It would be expected that Tolkien would feel this way being that LOTR was released shortly after WW2 and the horror of Nazism and anti-semitism was still fresh in everybody's minds. If Tolkien is this familiar with Wagner's work (Wagner died in 1883 so Tolkien could not have known him personally), it is likely that he was a fan of Wagner's work.
That is not to cast any aspersions upon Tolkien. I have no doubt that Tolkien despised the man himself and what he stood for. Wagner was a rabid anti-semite and his works were supposedly embraced by Adolph Hitler and the Nazi party - though the extent to which that association is valid is a matter of debate. Frankly, I don't think Hitler and his Brownshirts spent a lot of time going to opera. It could simply be that Hitler admired Wagner for his beliefs and his music was secondary.

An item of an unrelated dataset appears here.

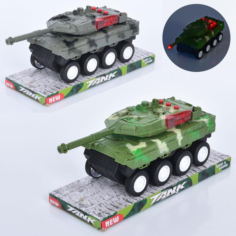 Игрушка танк инерционный, 25см, подвижная башня, звук, свет, 2 цвета, 383-53d-55d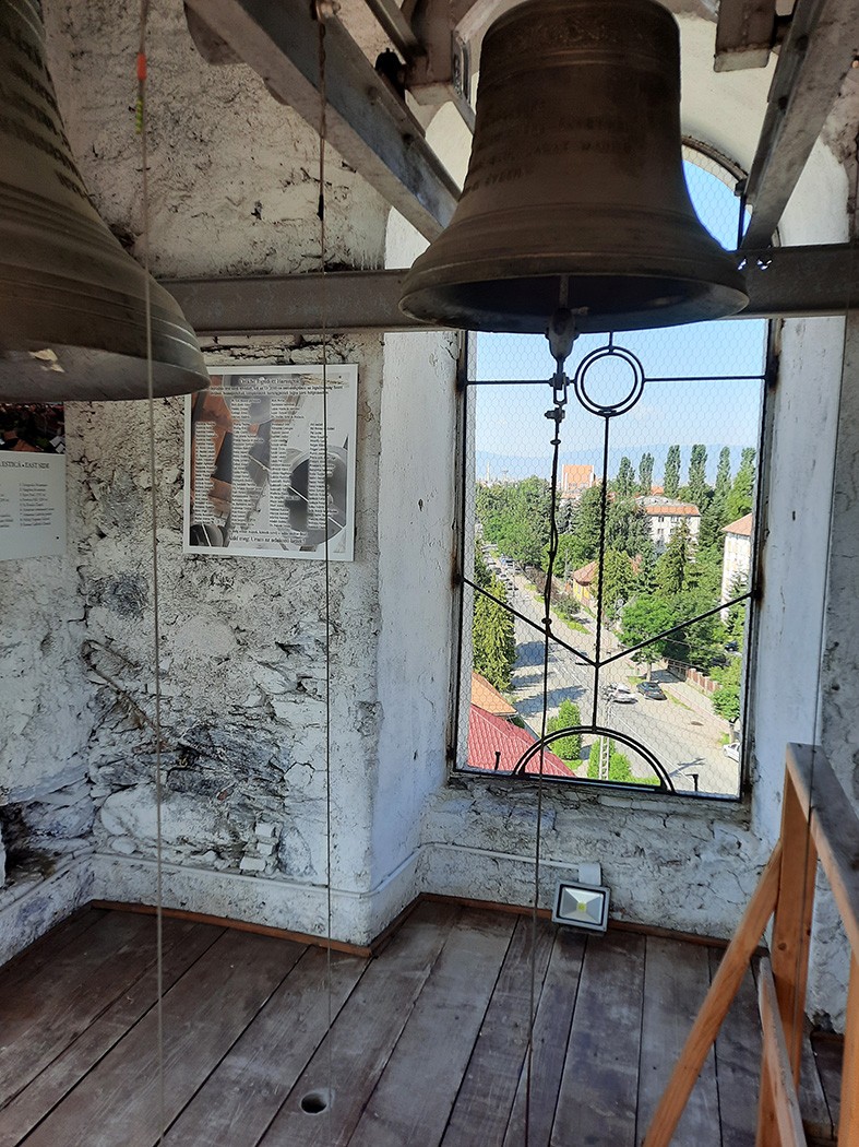 – Tudni kell még a harangokról, hogy 2016-ban restaurálták őket, és elektromágneses húzóberendezéssel látták el, tehát automatikusan be lehet állítani a harangozást, nincs szükség kézi harangozásra. A torony a kommunizmus idején zárva volt, csak az egyháztagok jártak ellenőrizni a harangokat és a szerkezet állapotát, olykor kitakarították, apró javításokat eszközöltek a feljárón és a harangok termében, ahol dróthálót feszítettek ki, hogy a madarak ne rakjanak fészket a toronyban.

The author of this article points out a whole slew of similarities between Tolkien's LOTR and Wagner's Ring Cycle (an opera that takes three very long nights to perform). Though familiar with both, I had never before realized how similar the two works were (I mainly listen to the music and don't pay much attention to the librettos of Wagner's operas).
I read LOTR in high school, then in college I read Das Nibelungenlied for an advanced German class, and at that point I realized that both Tolkien and Wagner based their works on the same Norse epic. Wagner was a ferocious anti-Semite, Tolkien was anything but.